Based on the scatter plot and the mean graph of ANOVA, we assumed that night sleep duration has curvilinear (U-shaped) correlations with FG and TG/HDL-C and linear correlation with BMI. Multiple linear and curvilinear regression models were performed to identify the assumed independent linear or U-shaped associations of FG, TG/HDL-C and BMI with sleep duration using FG and TG/HDL-C as dependent variables. In Model 1, FG and TG/HDL-C were regressed on night sleep duration after adjusting for sex, age, occupation, highest education, marriage status, physical exercise, BMI, subjective sleep quality, and sleeping drug use. In model 2, FG and TG/HDL-C were regressed on night sleep duration using both a linear and a quadratic term to identify the assumed U-shaped relation after adjusting for sex and age.

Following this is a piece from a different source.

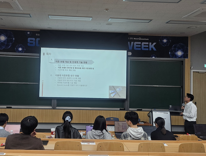 그 뒤로 2일간 서울대학교 교수님들의 총 4개의 강연이 이어졌다. 박채연 교수는 양자컴퓨터가 고전 컴퓨터보다 더 높은 성능을 보인다는, 양자 이득을 수식적으로 보여주는 내용을 강연하였다. 김은종, 김도헌, 김태헌 교수는 각각 본인들의 연구 분야인 초전도 큐빗, 반도체 스핀 큐빗, 이온트랩 양자컴퓨팅에 대한 특강을 진행하였다. 양자컴퓨팅 플랫폼들의 역사부터 최근 연구 동향, 각각의 연구실의 성과 및 현재 진행되고 있는 프로젝트 등 양자컴퓨팅에 대한 시아를 넓이는데 많은 도움을 주는 내용들로 이루어져 있었다.

In model 3, BMI was additionally included as a possible explaining factor to the relation tested in model 2. In model 4, occupation, highest education, marriage status, physical exercise, subjective sleep quality and sleeping drug use were additionally included as possible confounders.

In model 5, a multiple linear regression model was performed to explore the independent association of BMI with sleep duration after adjustment of sex, age. In model 6, occupation, highest education, marriage status, physical exercise, subjective sleep quality and sleeping drug use were included as potential confounding factors. It was tested whether the linear associations of BMI with sleep duration in model 5 remain present. A two-sided p<0.05 was considered statistically significant. We used Epidata V.3.0 to input and manage the data and Stata V.15.1 to analyse the data.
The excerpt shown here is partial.